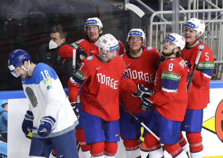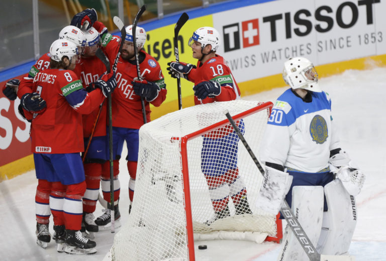 Nórski hokejisti sa tešia z gólu v bránke Kazachstanu počas zápasu na MS v hokeji 2021. Riga, 31. máj 2021. Foto: SITA/AP
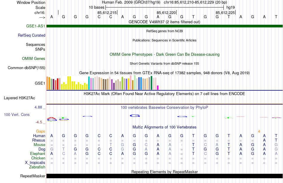- CTCF[chr16:85612210-85612229]
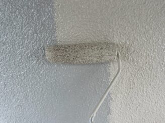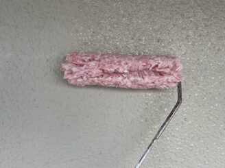 【外壁塗装 中塗り上塗り】中塗りと上塗りは同様の塗料を使用します。メーカー仕様の塗布量や塗り重ね乾燥時間を遵守し、施工していきます。
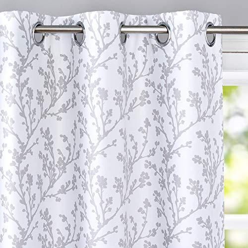 DriftAway Sarah フローラルツリーブランチパターン 遮光断熱ウィンドウカーテン グロメット 2層 2パネル 52インチ×84インチ グレー
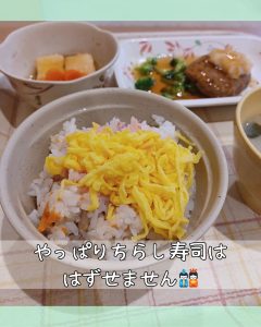 メニューは、彩り豊かな「ちらし寿司」!!ひなまつりにはかかせませんね😊
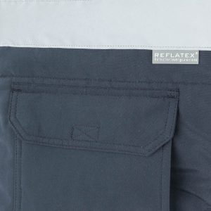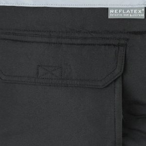 1 bolsillo de fuelle en el pecho con tapeta y velcro. Sobre él, compartimentos para bolígrafos y 1 bolsillo interior de parche
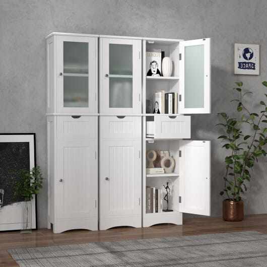 ● Inside storage shelves are adjustable in 3 heights
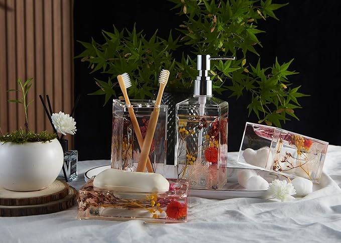 Locco Decor Bathroom Vanity Accessory Set Acrylic Liquid 3D Floating Motion Toothbrush Holder, Tumbler, Soap Dispenser, Soap Dish, Toilet brush, 5-Piece Accessory Set Garden Botanic Pink Plants
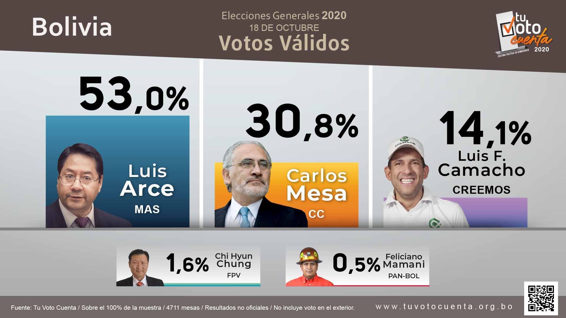 Mas kandidat Luis Arce blir president redan efter första valomgången, visar vallokalsundersökningarna. Med 53 procent av rösterna, över 20 procentenheter mer än högerkandidaten Carlos Mesa, ser det socialistiska Maspartiet också ut att få egen majoritet i både övre och undre kammaren i parlamentet.
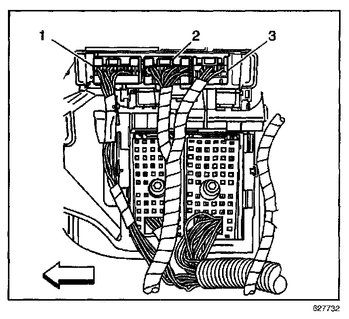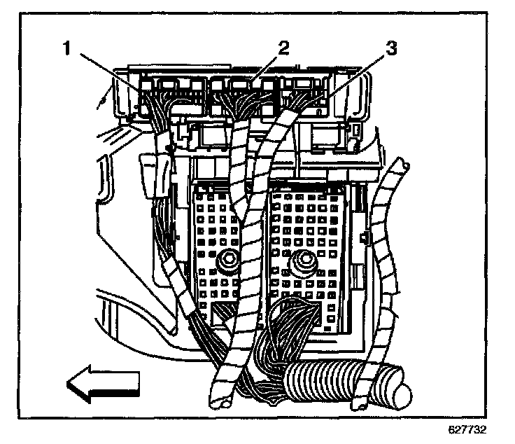 3. Disconnect the Body Control Module (BCM) electrical connectors (1, 2, 3).
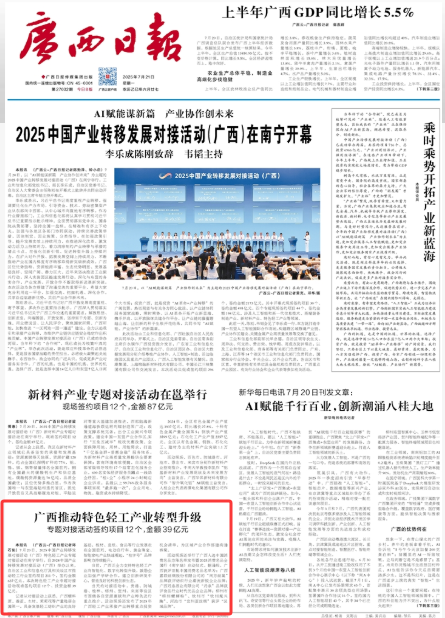 7月20日,2025中国产业转移发展对接活动(广西)特色轻工产业专题对接活动在南宁举行。自2024中国产业转移发展对接活动(广西)举办以来,自治区工业和信息化厅及相关设区市推动轻工行业签约项目211个,签约金额637亿元。本次特色轻工产业专题对接活动现场签约项目12个、投资金额39亿元。
────────────────
▸ **What is needed**
The stretch above running from the line with "in 3 heights" through the line with "Locco Decor Bathroom" is all you should copy, exactly, leaving out the pictures.

▸ **Task solution**
 ● Inside storage shelves are adjustable in 3 heights
 Locco Decor Bathroom Vanity Accessory Set Acrylic Liquid 3D Floating Motion Toothbrush Holder, Tumbler, Soap Dispenser, Soap Dish, Toilet brush, 5-Piece Accessory Set Garden Botanic Pink Plants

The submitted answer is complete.